And the overall number of Catholic monks and nuns has been going down, but we found a place filled with dedicated young nuns.
Sister CHRISTIANA MICKWEE, O.P.: No, I will not be marrying a spouse. But my very body and blood is united to God in a way that isn’t offered to everyone in the world.
LAWTON: Plus, the former Hollywood executive who’s saying hundreds of Cambodian children from a life of scavenging in a trash dump.
SCOTT NEESON: I no longer have 401(k), but I have all the coconuts I can drink and eat. It’s a trade-off.
# # #
KIM LAWTON: Welcome. I’m Kim Lawton sitting in for Bob Abernethy. Thank you for joining us.

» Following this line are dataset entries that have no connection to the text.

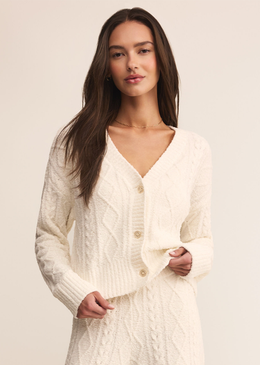 Wrap yourself in cloud-soft comfort with our Elsa Cable-Knit Cardigan & Pant Lounge Set. Crafted from plush light marshmallow yarn—an ultra-cozy, 100% polyester knit—this set feels airy, warm, and irresistibly touchable. The cardigan features a classic cable-knit pattern with a relaxed, draped silhouette you can layer effortlessly, while the matching pants offer a gentle stretch and a lounge-ready fit.
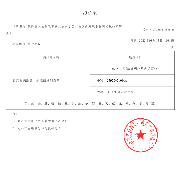 2022年8月22日陕西省发展和改革委员会机关关于巴山地区问题线索监测发现的采购项目中标(成交)结果公告 |
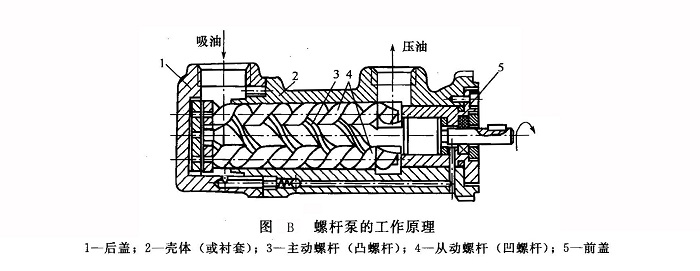 圖B所示為螺桿泵的工作原理,在殼體(或襯套)2中放有三根平行的雙頭螺桿,它們是螺桿泵的核心工作部件。中間的螺桿為兼作傳動軸的凸螺桿3(即主動螺桿),兩邊為兩根凹螺桿4(即從動螺桿)。互相嚙合的三根螺桿與殼體之間形成密封工作容積。每個密封空間的長度約等于螺桿的螺距。殼體左端油口為吸油口,右端油口為壓油口。當(dāng)凸螺桿由原動機(jī)驅(qū)動作順時針方向(從軸頭伸出端看)旋轉(zhuǎn)時,螺桿泵從吸油口吸人液體,并容納于工作容積中,工作容積將沿軸向由螺桿的一端連續(xù)地向另一端移動,故液體也就由吸油口輸送到了壓油口,經(jīng)壓油口壓至液壓系統(tǒng),根據(jù)系統(tǒng)阻力大小建立起相應(yīng)的工作壓力。后續(xù)的螺旋面又不斷形成新的密封容積,隨著原動機(jī)帶動主動螺桿連續(xù)旋轉(zhuǎn),上述過程即會周而復(fù)始地進(jìn)行下去。
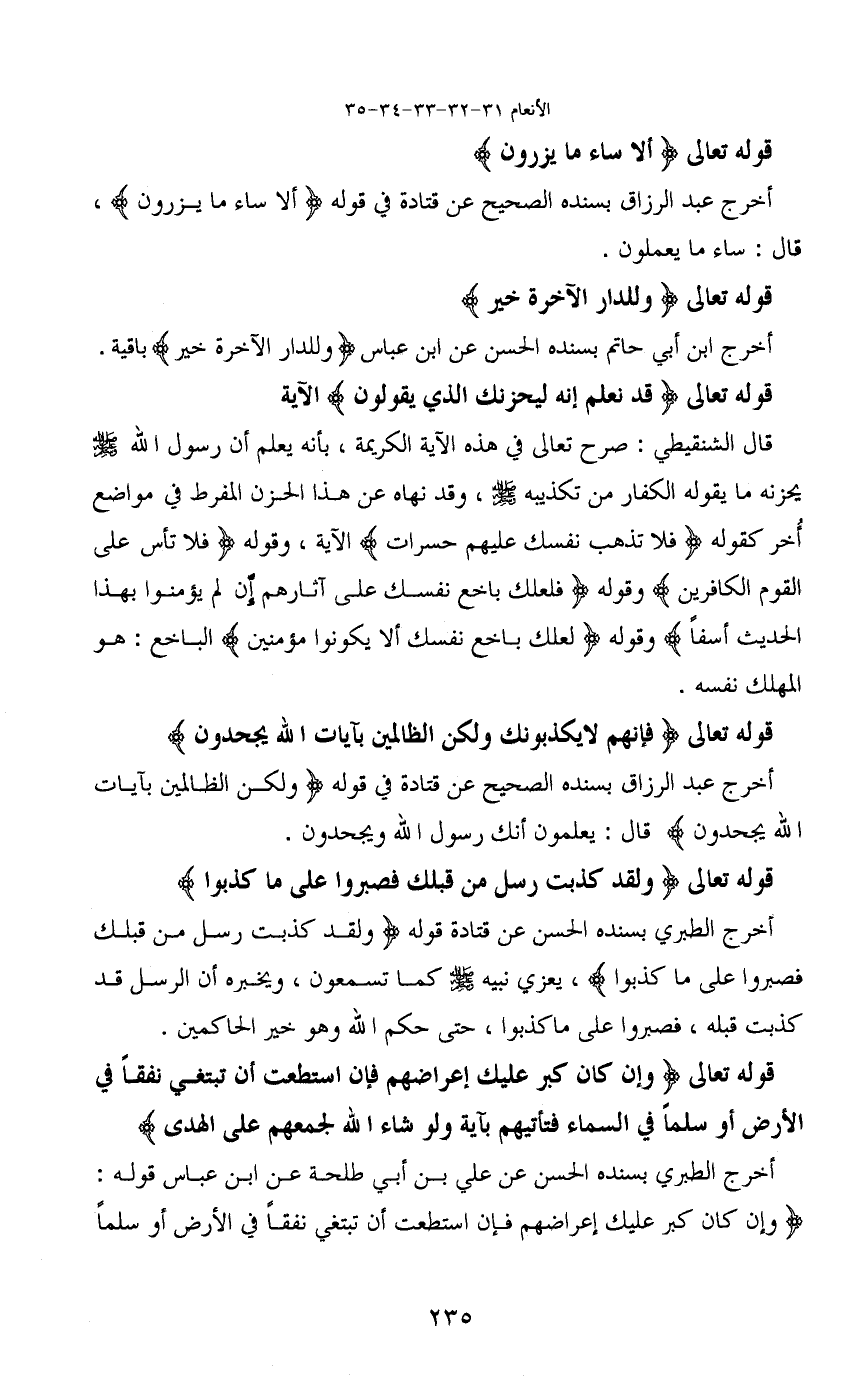 قال الشنقيطي: صرح تعالى في هذه الآية الكريمة، بأنه يعلم أن رسول الله - صَلَّى اللَّهُ عَلَيْهِ وَسَلَّمَ - يحزنه ما يقوله الكفار من تكذيبه - صَلَّى اللَّهُ عَلَيْهِ وَسَلَّمَ -، وقد نهاه عن هذا الحزن المفرط في مواضع أخر كقوله (فلا تذهب نفسك عليهم حسرات) الآية، وقوله (فلا تأس على القوم الكافرين) وقوله (فلعلك باخع نفسك على أثارهم إن لم يؤمنوا بهذا الحديث أسفاً) وقوله (لعلك باخع نفسك ألا يكونوا مؤمنين) الباخع: هو المهلك نفسه.

New alarms were sounded on many fronts this week about the spiraling global food crisis. The United Nations Food and Agriculture Organization is sponsoring an international summit in Rome next week on the crisis. In a report released in advance of the meeting, the UN agency said 22 already poor nations are now at particular risk. Most are in Africa, but the list also includes countries in Asia and, in this hemisphere, Haiti. Meanwhile, the International Committee of the Red Cross warned of a possible surge in food-related riots and other violence as hunger and desperation continue to grow.
We’ll have more on this in a few moments.
# # #
KIM LAWTON: Myanmar’s military dictatorship has finally eased restrictions on many foreign aid workers coming in to provide relief after the deadly cyclone four weeks ago. The UN, Save the Children, Doctors Without Borders and other groups now have representatives in the country trying to reach some of the two-and-a-half million people in need. The Myanmar government, though, dismissed reports of widespread suffering. Leaders called the survivors self-reliant and suggested they find vegetables in the wild and fish in the rivers if they could not get, quote, “bars of chocolate donated by the international community.”
# # #
KIM LAWTON: In China, relief efforts continue for the five million left homeless after the catastrophic earthquake. The Chinese government said rebuilding in the devastated region will be a long and arduous process. Humanitarian work is being hampered by bad weather and the threat of landslides.
# # #
KIM LAWTON: Concerns are rising about the fate of six Baha’i leaders who were arrested in Iran on May 14. International Baha’i representatives said the leaders have not been heard from since. The six are all members of the Baha’i’s national coordinating group in Iran. A seventh member of the group was arrested in early March, and her whereabouts are also unknown. The Iranian government says they were all arrested for security reasons. Iranian Baha’is have frequently suffered persecution since their faith was founded in Persia in the early 1800s. With about 350,000 members, Baha’is are Iran’s largest religious minority.
# # #
KIM LAWTON: In this country, the Texas Supreme Court decided in favor of parents from the polygamist sect that was raided by authorities. The justices supported a lower court decision that said the state had no right to remove and take custody of more than 400 children from the compound. They said the children should be sent home within a reasonable period of time. The state had argued that the children are in danger of abuse.
# # #
KIM LAWTON: President Bush met with the new president of The Church of Jesus Christ of Latter-day Saints — the Mormons. Bush met Thomas Monson at the LDS headquarters in Salt Lake City, Utah, while he was on a five-state fundraising trip. The White House press secretary said Bush made a point to meet with LDS leaders because he believes they help communities and, quote, “spread the word of love.”
# # #
KIM LAWTON: As candidates they may disagree a lot, but this week John McCain, Barack Obama and Hillary Clinton released a joint statement accusing the Sudanese government of atrocities against civilians in Darfur. The statement was intended as a symbolic message to Sudan that America’s next president, whoever he or she may be, will maintain a hard-line policy on human rights abuses in Darfur.
# # #
KIM LAWTON: New York’s governor said his state will recognize same-sex marriages from other jurisdictions. The decision will not legalize gay marriages in New York, but it will extend marriage benefits to same-sex couples who’ve been married elsewhere. That may soon include California, where officials are set to begin issuing marriage licenses to gay couples on June 17. If the state supreme court does not take further action, California will become the second state after Massachusetts to allow gay marriage.
# # #
KIM LAWTON: Now, back to the global food crisis. Joining me today is Tony Hall, the former Ohio Congressman who was also the U.S. ambassador to the United Nations humanitarian agencies in Rome.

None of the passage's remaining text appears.